Filipińscy komuniści zabili szefa lokalnej policji

Filipińscy komuniści zabili szefa lokalnej policji

Dodano:   /  Zmieniono: 
Komunistyczni rebelianci z północy Filipin zdetonowali ładunki wybuchowe w pobliżu samochodu, którym jechał szef miejscowej policji, a następnie zastrzelili jego i cztery podróżujące z nim osoby - poinformowały lokalne władze. W zasadzce zginął szef policji z miasta Rizal, jego brat, żona i dwóch policjantów. Rannych zostało dwóch innych funkcjonariuszy.
Do ataku doszło w tydzień po tym jak komunistyczni rebelianci i rząd Filipin zgodzili się wznowić negocjacje mające na celu zakończenie konfliktu trwającego od 42 lat, głównie w wiejskich regionach kraju. Dotychczas w konflikcie zginęło ponad 120 tys. ludzi. Według komendanta policji z prowincji Cagayan, Jose Francisco Villaromana, ranny szef policji Antonio Rueco zdołał przed śmiercią zadzwonić ze swojego telefonu komórkowego po pomoc. Niestety przyszła ona zbyt późno. Według władz przy drodze, którą jechał Rueco eksplodowały trzy ładunki wybuchowe, po czym rebelianci zaczęli strzelać. Następnie uciekli w kierunku swoich górskich kryjówek.

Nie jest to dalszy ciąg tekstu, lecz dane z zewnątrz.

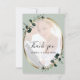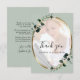 Eukalyptus Salvia Fotoöverlägg Guld Metallisk Oval Bröllopstackkort... Vårt eleganta eukalyptus-fotobröllopskort har en guldmetallisk oval ram prydd med smaragdgröna eukalyptusblad som gränsar till ett foto av bruden och brudgummen på en ljus salvia grön bakgrund. Ditt foto kommer att placeras på ett lager under en vit transparens för att "tona ned" färgerna något så att "Tack" texten och brud och brudgummens namn överst är läsbara. Baksidan av kortet visar text du kan behålla eller revidera för ditt personliga tackmeddelande. All exempeltext kan enkelt revideras med din egen information på personaliseringsmallen. Del av en bröllopssvit med koordinerade tillbehör i samma eukalyptus sal

Rebelianci i rząd spotkali się w ubiegłym tygodniu w Norwegii, gdzie uzgodnili, że wznowią formalne negocjacje w lutym. Rząd przekonywał by obie strony przestrzegały w tym czasie zawieszenia broni, jednak rebelianci odrzucali możliwość zawarcia rozejmu przy braku porozumienia politycznego.

Rozmowy pomiędzy obiema stronami znalazły się w martwym punkcie w 2004 roku. Rebelianci, którzy od 1969 roku walczą o utworzenia państwa marksistowskiego, wycofali się z negocjacji zarzucając rządowi, że zgodził się na wpisanie partii komunistycznej i jej zbrojnego skrzydła na amerykańską i europejską listę organizacji terrorystycznych.